Keeping Tabs on Open Interest


Simply put, option open interest is the open number of contracts that remain for an expiration month. This includes contracts that have not been exercised, offset, or expired. This includes contracts that have not been exercised, offset, or expired.

If you sign up to our Watch List, you can see all trades and their open interest to help you make your choices and have a look at our Answer Vault for questions other people have asked about open interest. Option Alpha iTunes Podcast. OI is the outstanding buy or sell position in futures and options contract at the end of each day.

Why open interest matters to you

Open interest measures the total number of options contracts that exist for a particular stock. Open interest increases as more options are traded to open a position.

Open Interest is a term that every futures and options trader comes across. In fact, OI data is very important to find the stock or market direction. A trader in the stock market must be aware of the term. Moreover, by understanding the concept of option open interest the trader can make higher returns. To put it another way, open interest helps in determining the momentum of the market.

In this article, we shall understand the term open interest. What is Open Interest: OI is the outstanding buy or sell position in futures and options contract at the end of each day. The market participants build the outstanding position. In addition, the change in open interest has a direct impact on the stock prices and markets.

The change in OI takes place when a trade is initiated between two parties. Consequently, the open interest increases , decreases or remains the same. Let us take an example and understand how open interest changes. Change in open interest gives an indication in relation to the movement in the price of the stock.

Therefore, let us understand such indications. For traders, open interest is of tremendous importance. To repeat, change in OI helps to understand the movement of stock price. For example, if the OI is increasing, it means the flow of money in the market or stock is increasing. Therefore, it suggests that the current trend in the price of stock i. On the other hand, if the OIis decreasing, it means that the current trend in stock price is over because the market is liquidating.

Even though open interest is the indicator of movement in the stock price. However, the investor should not always rely on it blindly. The OI change can mislead the investors especially when there is some news or event related to the stock.

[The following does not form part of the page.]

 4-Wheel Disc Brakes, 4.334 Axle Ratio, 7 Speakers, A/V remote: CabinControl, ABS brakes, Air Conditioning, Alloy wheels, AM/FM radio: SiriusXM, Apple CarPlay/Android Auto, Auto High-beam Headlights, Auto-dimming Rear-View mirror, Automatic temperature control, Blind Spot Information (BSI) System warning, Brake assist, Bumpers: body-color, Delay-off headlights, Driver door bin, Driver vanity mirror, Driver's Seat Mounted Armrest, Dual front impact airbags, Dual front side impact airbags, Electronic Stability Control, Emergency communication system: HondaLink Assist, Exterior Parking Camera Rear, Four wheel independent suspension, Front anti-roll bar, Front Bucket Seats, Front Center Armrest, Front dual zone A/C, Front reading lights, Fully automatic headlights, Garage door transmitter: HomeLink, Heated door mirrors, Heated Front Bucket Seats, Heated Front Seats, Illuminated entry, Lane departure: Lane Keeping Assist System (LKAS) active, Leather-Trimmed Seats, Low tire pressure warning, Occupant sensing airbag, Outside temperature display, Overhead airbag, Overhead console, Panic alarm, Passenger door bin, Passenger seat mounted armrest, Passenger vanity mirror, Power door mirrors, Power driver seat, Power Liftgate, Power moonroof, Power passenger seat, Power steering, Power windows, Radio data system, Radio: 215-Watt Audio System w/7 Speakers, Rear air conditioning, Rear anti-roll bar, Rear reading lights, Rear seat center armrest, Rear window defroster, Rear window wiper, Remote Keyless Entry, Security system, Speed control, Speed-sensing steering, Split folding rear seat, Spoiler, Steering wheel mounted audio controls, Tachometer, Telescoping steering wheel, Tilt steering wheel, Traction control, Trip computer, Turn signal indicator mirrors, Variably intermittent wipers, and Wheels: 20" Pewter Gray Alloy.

For example, if the results of a company are expected to be bad, the open interest will rise and the price will fall. However, if the company posts good results then OI can change quickly. In fact, the traders are trapped when sudden reversal takes place.

Therefore, it is recommended that position in stocks at such times be avoided as it can lead to heavy losses. Thus, it becomes very important to put a stop loss in place. Adding more to the above information.

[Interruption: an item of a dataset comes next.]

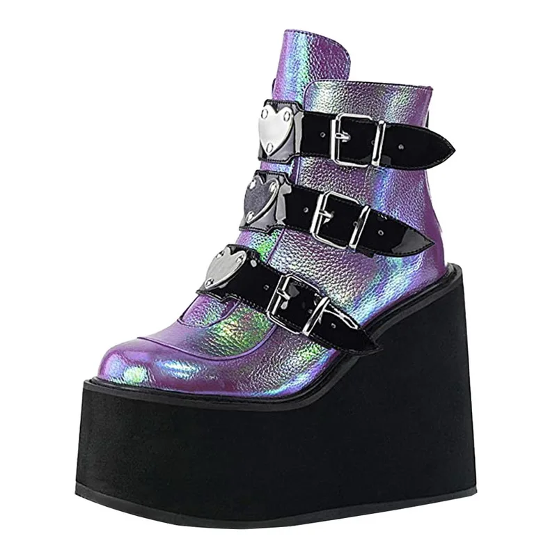 Женские ботинки на танкетке, ботильоны на толстой подошве, в готиче...
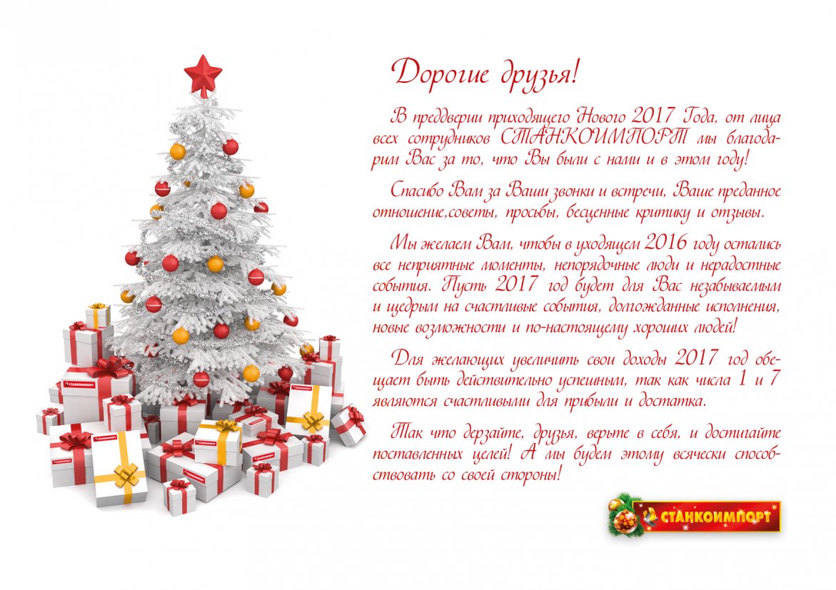 Последний рабочий день компании СТАНКОИМПОРТ  в 2016 г. - 30.12.2016 г., мы работаем до 16.30.

If the company has given poor results as per the expectation of the market, but it has given a positive guidance. Therefore, in this scenario as well the OI can reverse at a rapid pace.

Many times we notice that stocks surge even after giving poor results. This is because of the positive guidance. So there will be less of a price discrepancy between what someone wants to pay for an option and how much someone wants to sell it for. Options involve risk and are not suitable for all investors. For more information, please review the Characteristics and Risks of Standardized Options brochure before you begin trading options.

Options investors may lose the entire amount of their investment in a relatively short period of time. Multiple leg options strategies involve additional risks , and may result in complex tax treatments. Please consult a tax professional prior to implementing these strategies. Implied volatility represents the consensus of the marketplace as to the future level of stock price volatility or the probability of reaching a specific price point.

The Greeks represent the consensus of the marketplace as to how the option will react to changes in certain variables associated with the pricing of an option contract. There is no guarantee that the forecasts of implied volatility or the Greeks will be correct. Ally Invest provides self-directed investors with discount brokerage services, and does not make recommendations or offer investment, financial, legal or tax advice.